Python爬蟲實踐 —— urllib.request和requests

本文轉載自查看原文 2019-12-16 19:12 2199

之前的兩個demo使用的是urllib內的request模塊，其中我們不免發現，返回體要獲取有效信息，請求體拼接都需要decode或encode后再裝載，http請求的話需要先構造get或post請求再調用，proxy和header等請求頭需要先構造。而requests庫幫我們進一步封裝了request模塊，我們只需要直接調用對應的request method方法，就可以方便地構造http請求。但是遇到模擬登陸等情況下時，使用urllib自定義定制http請求也是必不可少的。
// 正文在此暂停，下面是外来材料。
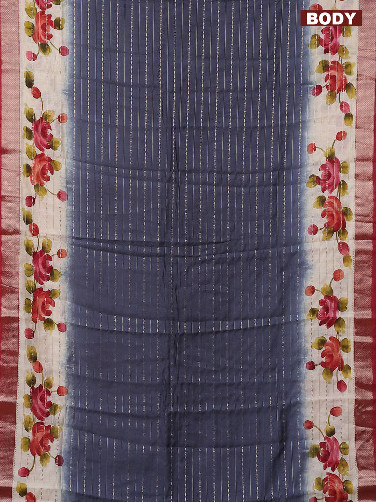 Assam semi silk saree grey and maroon with allover zari weaves and floral printed zari woven border
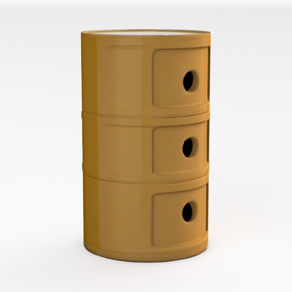 Inspired by mid-century modern design, this cylindrical cabinet features warm yellow, smooth glossy surfaces and three circular handles, blending retro charm with contemporary simplicity. Its tactile appeal and playful handles make it ideal for minimalist living rooms or bedrooms, pairing with neutral sofas and greenery, while the round drawers offer ample storage, balancing function and style.
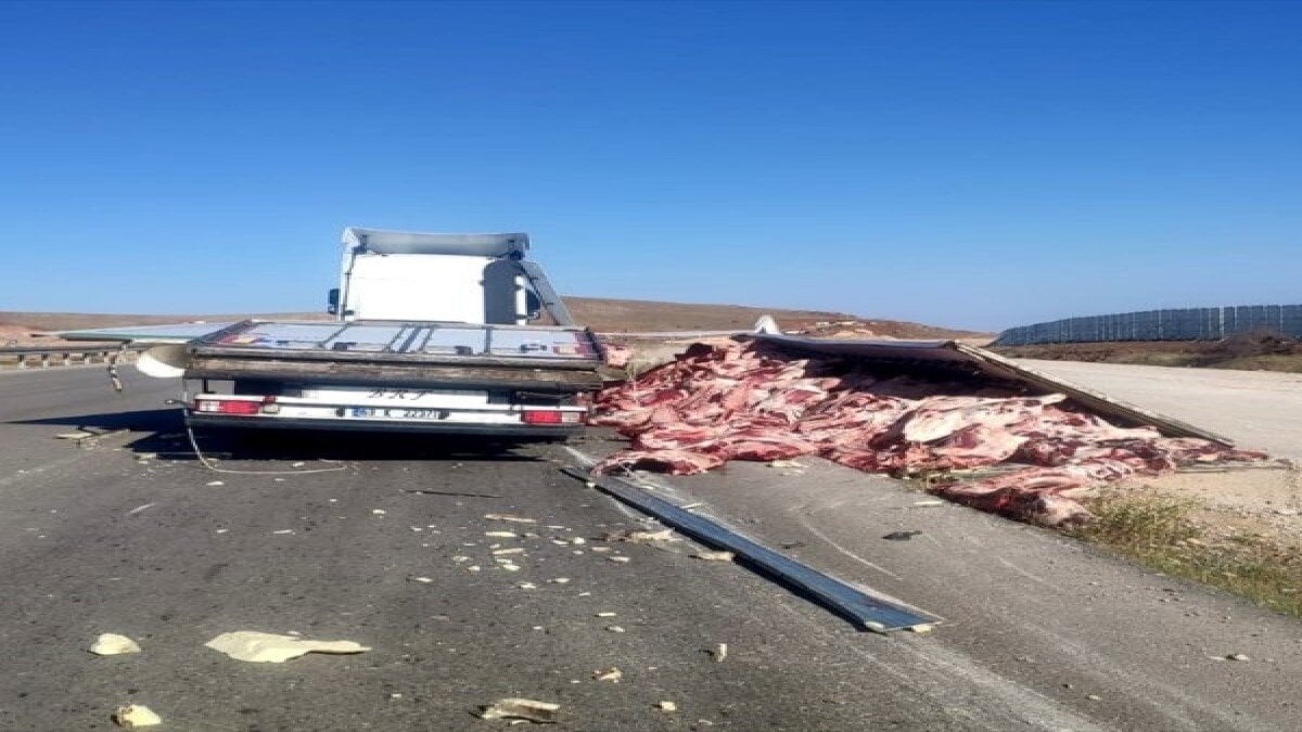 Bu sırada tırın dorse kapağı açılırken, yüklü olan tonlarca karkas et yola döküldü. Etler toplanıp temizlendikten sonra iş makinesi yardımıyla başka araca yüklendi.

比較一下urlib.request 和 requests的不同

首先是urllib.request

# demo_urllib
from urllib import request

headers = {
"User-Agent": "Mozilla/5.0 (Linux; U; Android 8.1.0; zh-cn; BLA-AL00 Build/HUAWEIBLA-AL00) AppleWebKit/537.36 (KHTML, like Gecko) Version/4.0 Chrome/57.0.2987.132 MQQBrowser/8.9 Mobile Safari/537.36"
}
wd = {"wd": "中國"}
url = "http://www.baidu.com/s?"
req = request.Request(url, headers=headers)
response = request.urlopen(req)
print(type(response))
print(response)
res = response.read().decode()
print(type(res))
print(res)

結果：

urllib庫的response對象是先創建httprequest對象，裝載到reques.urlopen里完成http請求，返回的是httpresponse對象，實際上是html屬性，使用.read().decode()解碼后轉化成了str字符串類型，也可以看到decode解碼后中文字符能夠顯示出來

接着是reuqests

# demo_requests
import requests

headers = {
"User-Agent": "Mozilla/5.0 (Linux; U; Android 8.1.0; zh-cn; BLA-AL00 Build/HUAWEIBLA-AL00) AppleWebKit/537.36 (KHTML, like Gecko) Version/4.0 Chrome/57.0.2987.132 MQQBrowser/8.9 Mobile Safari/537.36"
}
wd = {"wd": "中國"}
url = "http://www.baidu.com/s?"
response = requests.get(url, params=wd, headers=headers)
data = response.text
data2 = response.content
print(response)
print(type(response))
print(data)
print(type(data))
print(data2)
print(type(data2))
print(data2.decode())
print(type(data2.decode()))

結果：

requests庫調用是requests.get方法傳入url和參數，返回的對象是Response對象，打印出來是顯示響應狀態碼，通過.text 方法可以返回是unicode 型的數據，一般是在網頁的header中定義的編碼形式，而content返回的是bytes，二級制型的數據，還有 .json方法也可以返回json字符串。如果想要提取文本就用text，但是如果你想要提取圖片、文件等二進制文件，就要用content，當然decode之后，中文字符也會正常顯示啦 >_<

免責聲明！

本站轉載的文章為個人學習借鑒使用，本站對版權不負任何法律責任。如果侵犯了您的隱私權益，請聯系本站郵箱yoyou2525@163.com刪除。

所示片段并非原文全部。